ACTIVITY =>
Repeat exactly the line that contains "Photomaton. Aquí estoy. NYC, 1963." and every line after it, down to the last line of the entries below. Do not include pictures.

RECORDS TO USE =>
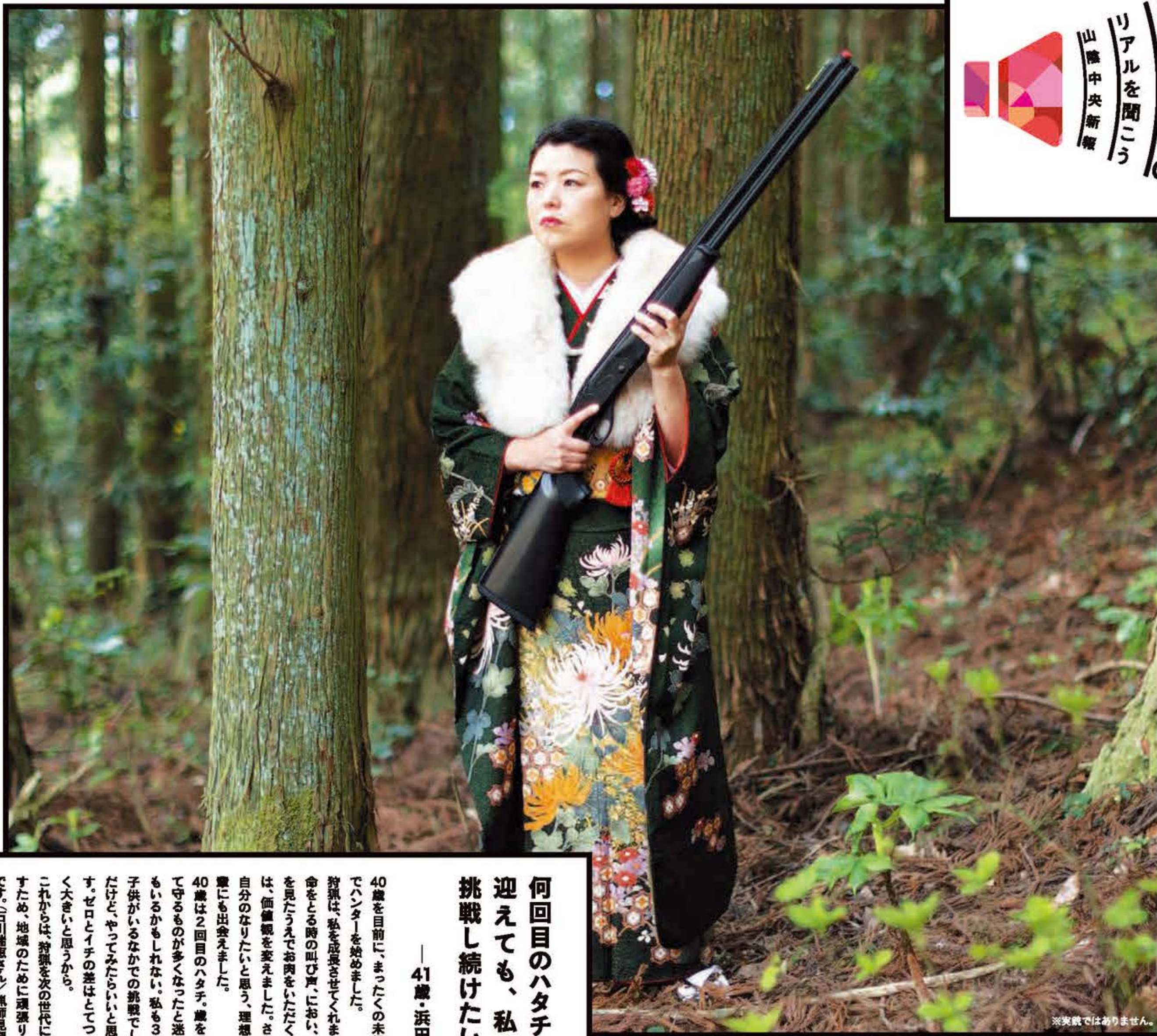
※実銃ではありません。
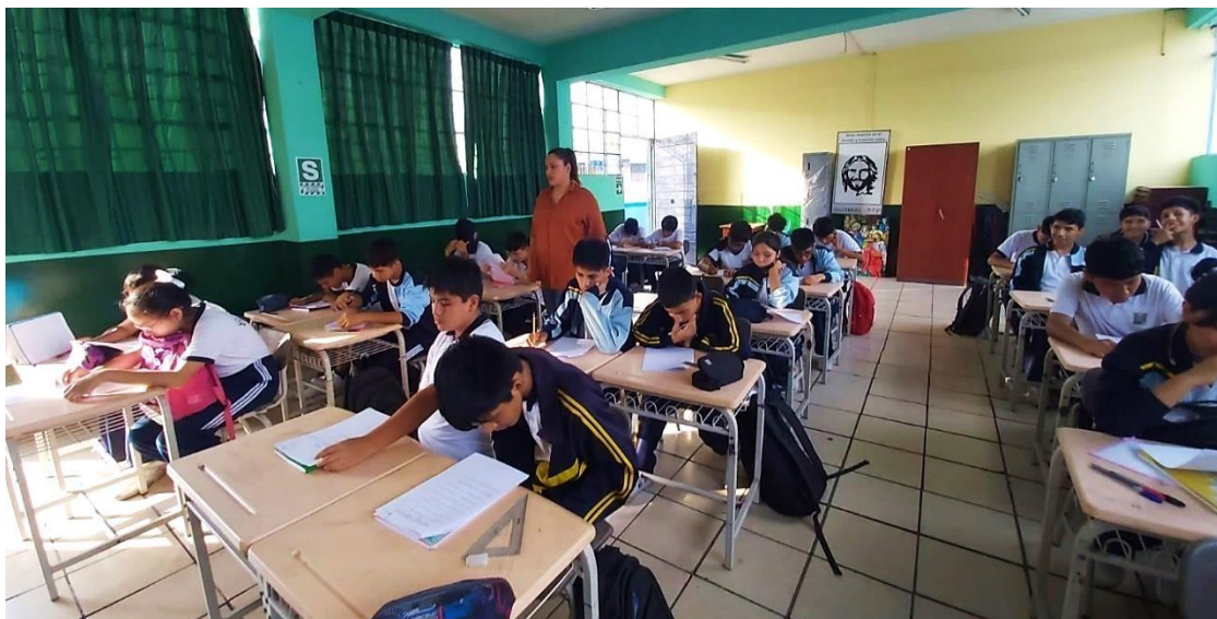
Estudiantes realizando la lectura previa para asegurar la comprensión de las preguntas.
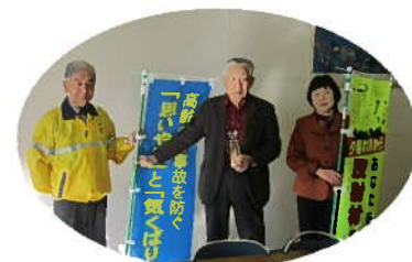
天白松寿会の皆さん
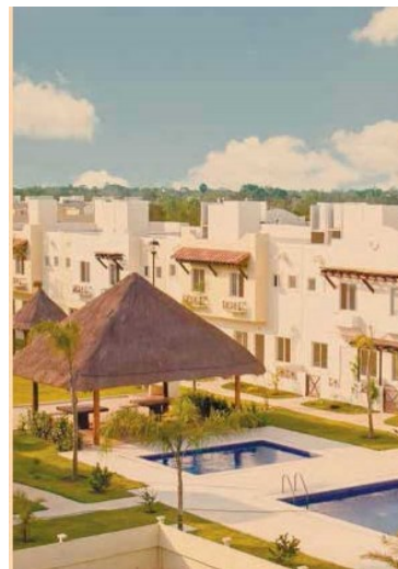
Inmobiliaria Vinte anunció cambios en su equipo directivo.

Por cierto muy reconocida dentro del sector de fideicomisos de inversión en bienes raíces.
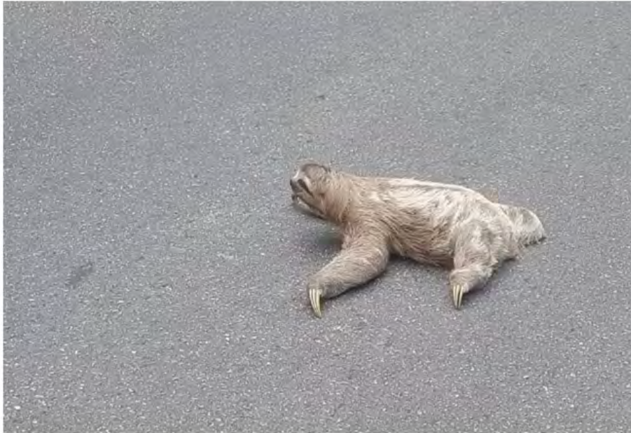
Bicho-preguiça para a serra em Caraguatatuba — Foto: Raul Araújo/ Vanguarda Repórter
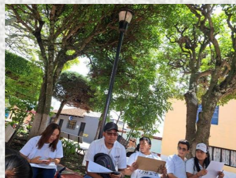
Resolvimos dudas en equipo, y nos dividimos en que calles o avenidas les tocaría a cada quien.
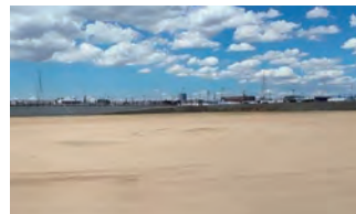
東大阪市立池島市民広場 大阪府東大阪市池島町4-4-10 TEL.072-988-2666/080-4125-8922 [HP] https://www.hos-arena.com/hiroba/ikeshima/
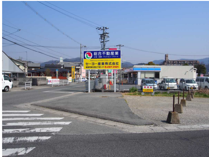
現地案内図・物件図面
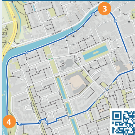
Het ommetje in Schipluiden
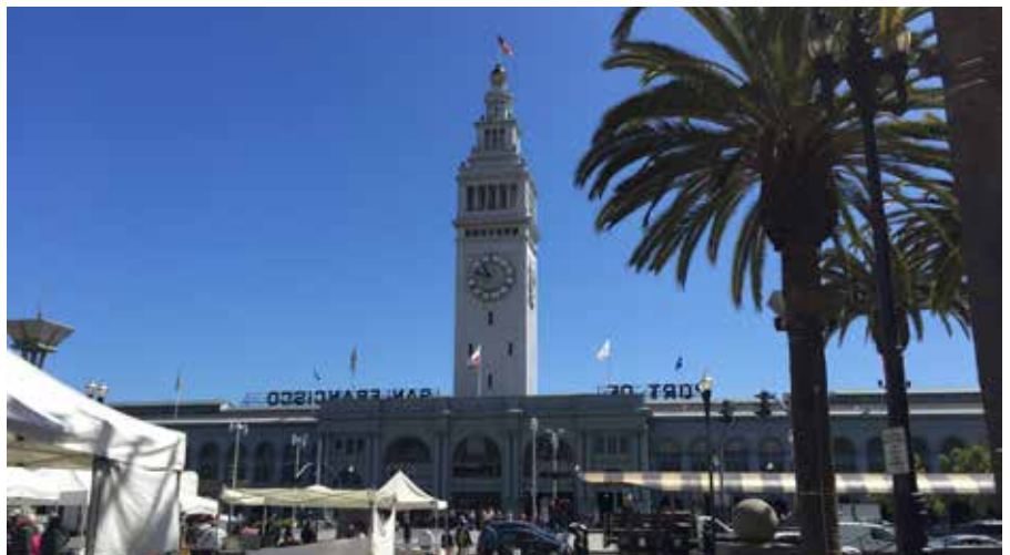
Nutida bild från San Fransisco

Som avslut på information om San Fransisco, en sommarbild från 2016
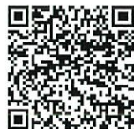
劇場モバイルサイト
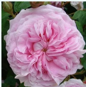
Rosa New Maiden Blush
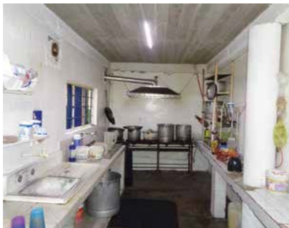
Cocina y almacén de la Fundación 10 de Junio.
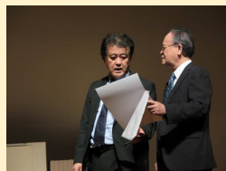
突然ユニオンからの団体交渉を迫られ戸惑う管理職
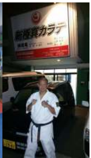
Bersama putra shihan Midori yang berhasil menjadi juara di pertandingan yang diadakan KWU di Rusia
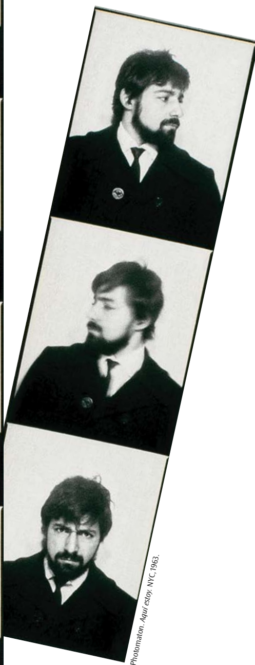
Photomaton. Aquí estoy. NYC, 1963.
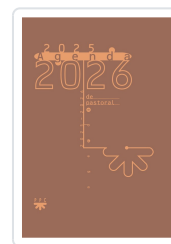
AGENDA DE PASTORAL 2025-2026 PPC PPC
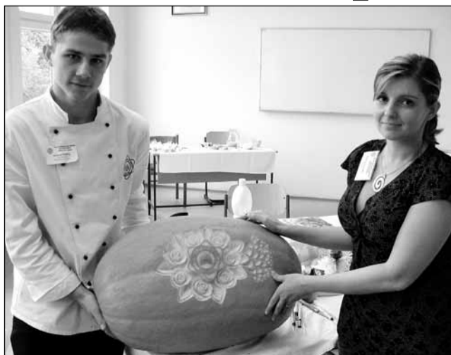
Ukázka. Studenti školy se svými pedagogy dokáží udělat spoustu krásných věcí.

„Současná vzdělávací nabídka naší školy je neustále přizpůsobována potřebám a trendům vývoje společnosti. Vyučovány jsou nové obory vzdělávání a výrazně byla posílena výuka v mnoha oblastech. Škola také navázala spolupráci s Mendelovou zemědělskou a lesnickou univerzitou v Brně a vzdělávací nabídku rozšířila o bakalářské studium,“ řekl ředitel školy Jindřich Friedl.
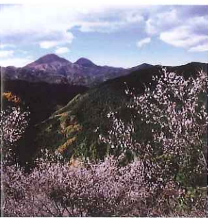
桜山公園から御荷鉾山を望む
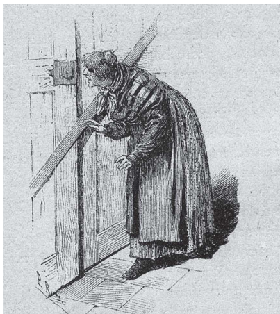
Dona vella (gravat)
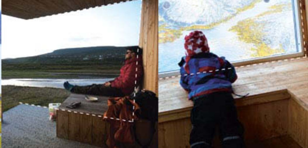
Kuva 1. Asuttamassa moderneja laavuja: Alkuperäiset valokuvat: Outi Rantala, Miia Mäkinen.

Dialogin toinen vaihe koostui huomioiden ja kokemusten tuomisesta tieteellisten käsitteiden ja viitekehysten piiriin. Muodostimme dialogin ensimmäisessä vaiheessa tekemiemme huomioiden pohjalta kolme väitettä, jotka kuvaavat laavujen ominaisuuksien vaikutusta ihmisen luontoyhteyteen ja sen vahvistamiseen. Nämä olivat:
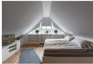
Der große Schlafrum läßt keine Wünsche offen
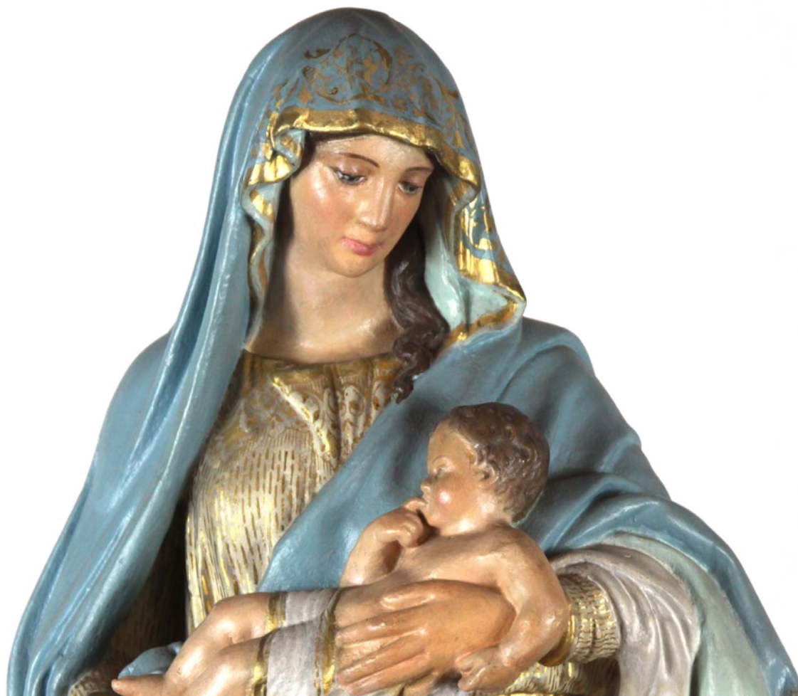
Estátua da Boa Mãe, diante da qual rezava o Pe. Champagnat

dos, porém, querendo que a luz da esperança não se apague. Isso é que queremos: que a luz da esperança não se apague...” 2
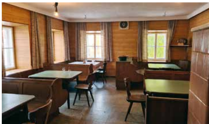
Ein Blick in den 1. Stock.
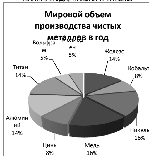
Рисунок 3 - Доля производства порошков чистых металлов

вити. Затраты на производство однородных порошков металлов с высокой степенью чистоты значительно выше, чем на производство оксидов тех же металлов, что связано с дополнительными методами защиты материала от окисления. По объему производства лидируют пять порошков: порошки железа, алюминия, меди, никеля и титана.
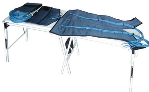
Esempio di applicazione dei gambali ACC.971
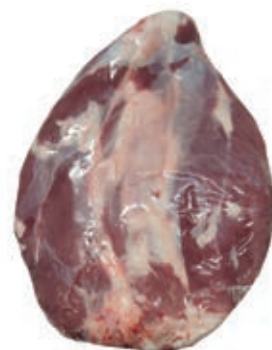
VIT950 CAMPANELLO S/V VITELLONE
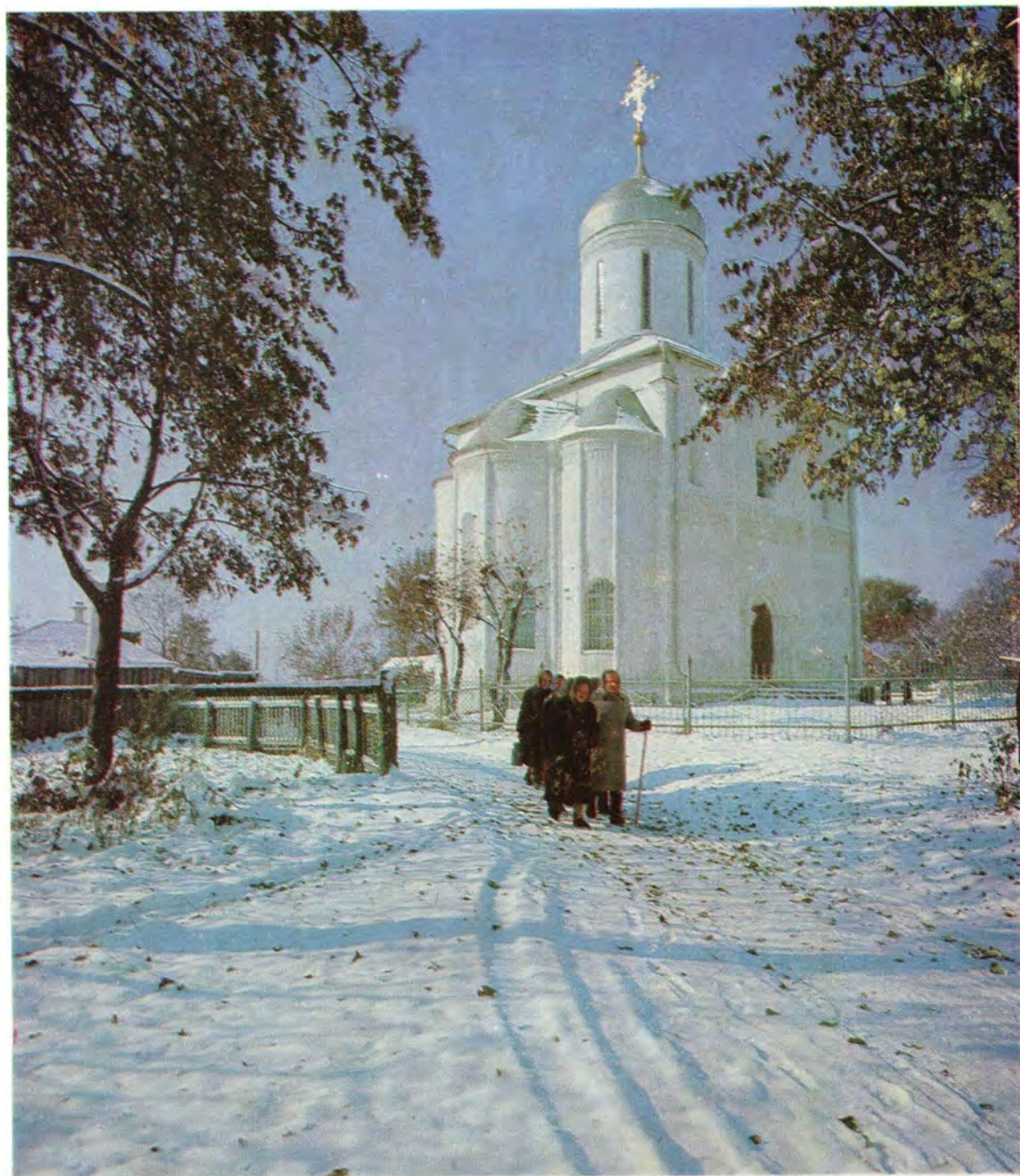
Храм Успения Пресвятой Богородицы в г. Звенигороде, воздвигнут по благословию преподобного Саввы Сторожевского князем Георгием Дмитриевичем в начале XV в. В росписях храма участвовал знаменитый иконописец Преподобный Андрей Рублев
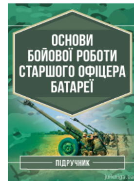
Основи бойової роботи старшого офіцера батареї
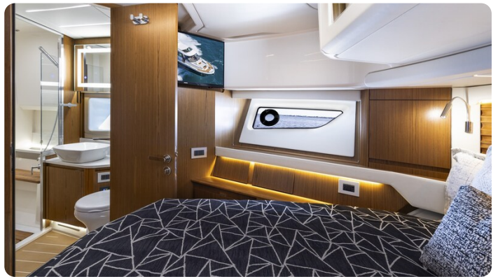
Tiara EX54 Vip cabin detail
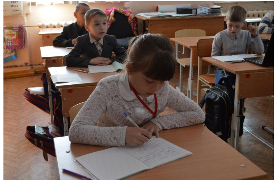
Обновлённое удобное рабочее место

RESPONSE =>
Photomaton. Aquí estoy. NYC, 1963.
AGENDA DE PASTORAL 2025-2026 PPC PPC
Ukázka. Studenti školy se svými pedagogy dokáží udělat spoustu krásných věcí.

„Současná vzdělávací nabídka naší školy je neustále přizpůsobována potřebám a trendům vývoje společnosti. Vyučovány jsou nové obory vzdělávání a výrazně byla posílena výuka v mnoha oblastech. Škola také navázala spolupráci s Mendelovou zemědělskou a lesnickou univerzitou v Brně a vzdělávací nabídku rozšířila o bakalářské studium,“ řekl ředitel školy Jindřich Friedl.
桜山公園から御荷鉾山を望む
Dona vella (gravat)
Kuva 1. Asuttamassa moderneja laavuja: Alkuperäiset valokuvat: Outi Rantala, Miia Mäkinen.

Dialogin toinen vaihe koostui huomioiden ja kokemusten tuomisesta tieteellisten käsitteiden ja viitekehysten piiriin. Muodostimme dialogin ensimmäisessä vaiheessa tekemiemme huomioiden pohjalta kolme väitettä, jotka kuvaavat laavujen ominaisuuksien vaikutusta ihmisen luontoyhteyteen ja sen vahvistamiseen. Nämä olivat:
Der große Schlafrum läßt keine Wünsche offen
Estátua da Boa Mãe, diante da qual rezava o Pe. Champagnat

dos, porém, querendo que a luz da esperança não se apague. Isso é que queremos: que a luz da esperança não se apague...” 2
Ein Blick in den 1. Stock.
Рисунок 3 - Доля производства порошков чистых металлов

вити. Затраты на производство однородных порошков металлов с высокой степенью чистоты значительно выше, чем на производство оксидов тех же металлов, что связано с дополнительными методами защиты материала от окисления. По объему производства лидируют пять порошков: порошки железа, алюминия, меди, никеля и титана.
Esempio di applicazione dei gambali ACC.971
VIT950 CAMPANELLO S/V VITELLONE
Храм Успения Пресвятой Богородицы в г. Звенигороде, воздвигнут по благословию преподобного Саввы Сторожевского князем Георгием Дмитриевичем в начале XV в. В росписях храма участвовал знаменитый иконописец Преподобный Андрей Рублев
Основи бойової роботи старшого офіцера батареї
Tiara EX54 Vip cabin detail
Обновлённое удобное рабочее место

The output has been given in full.